Her cry—and Lil’ Bit’s wails—fucking gutted me, made me feel completely useless as I did all I could—drove toward them.
It was the longest ten minutes of my entire goddamn life.
But then I saw her headlights—and the sparks of her rims on the road—and I knew the worst part was almost over. The part where I felt powerless, where my girls were on their own without me.
The next part?
Well, that was the fun shit.
My stomach was in knots seeing Zoe so shattered as I fished her phone out of the car, knowing the details for that last drop were on there. And that the men in that car wouldn’t live long enough to tell me where their boss was.
But I knew Sass was just behind us.
She and Lainey were going to be just fine.
And it was my job to make sure that continued to be the case, to end this shit once and for all.

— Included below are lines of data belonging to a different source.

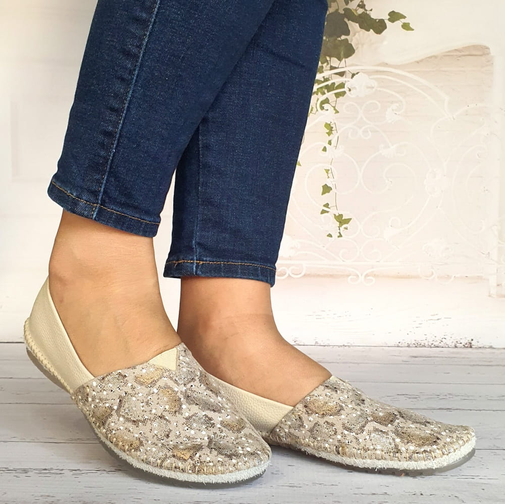 Maciejka 01930 mokasyny espadryle beż złoty 1930
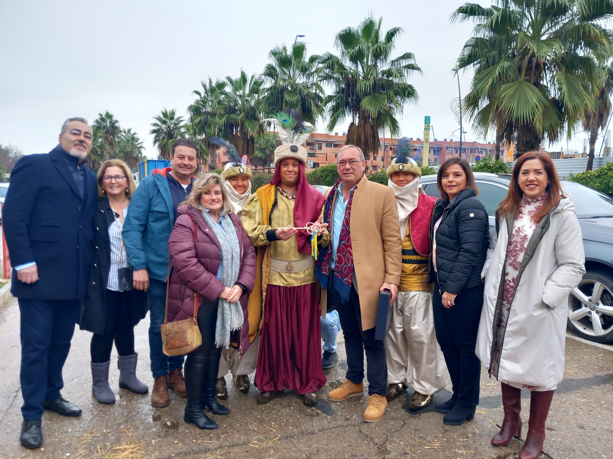 Las inclemencias meteorológicas motivaron que la visita se trasladará al Polideportivo 1 de Mayo. Allí el alcalde de San Juan, Fernando Zamora acompañado de representantes de la corporación, los tres Reyes Magos y la Asociación Amigos de la Cabalgata "Agustín Pérez Sastre" le hacía entrega de las llaves del municipio.
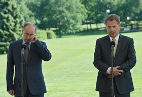 Президент Финляндии Саули Ниинисте во время встречи с президентом России Владимиром Путиным в летней резиденции Култаранта под Турку.
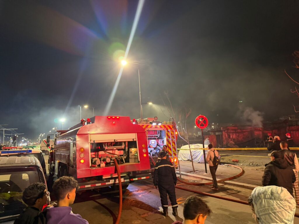 اندلع حريق مهول مساء اليوم الجمعة في مجموعة من محلات إصلاح وتركيب إطارات السيارات بدوار إيزيكي بمقاطعة المنارة في مراكش.

Did ending it risk her leaving?
Sure.
But I didn’t want her just because she was afraid of not having me to protect her.
I wanted her to want me, case closed.
Was there still some part of me that believed she and Lil’ Bit deserved better? Hell yeah. But if I was what she wanted, I was going to take whatever she offered to me.
The fact that I hadn’t been able to get her out of my mind since I met her was all the proof I needed that shit was different with her.

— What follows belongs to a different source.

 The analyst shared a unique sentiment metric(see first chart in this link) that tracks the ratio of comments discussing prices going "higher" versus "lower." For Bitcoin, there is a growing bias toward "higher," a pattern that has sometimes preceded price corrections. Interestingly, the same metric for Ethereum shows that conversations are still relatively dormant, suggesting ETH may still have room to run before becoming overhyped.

The way that I didn’t even entertain the idea of another woman, when I would normally have had half a dozen (or more) in the timespan I’d known Zoe, was also evidence that it wasn’t just about sex.
It was about her.
And Lainey.
And the little unit we made.
Even if that scared the shit out of me.
I heard thepop-pop-popas someone—likely Alaric—shot out the tires on the car that had been trailing Zoe, ramming her bumper, making both the girls cry.
Anger was gasoline in my veins.
Seeing the damage to their grill was the match strike.
Rage burned through me as I approached that car.
Then shot through the driver’s window.
Once.
Twice.
Ten times.
I wasn’t taking any chances.
“Let’s not alert the cops, man,” Huck said, landing a hand on my shoulder.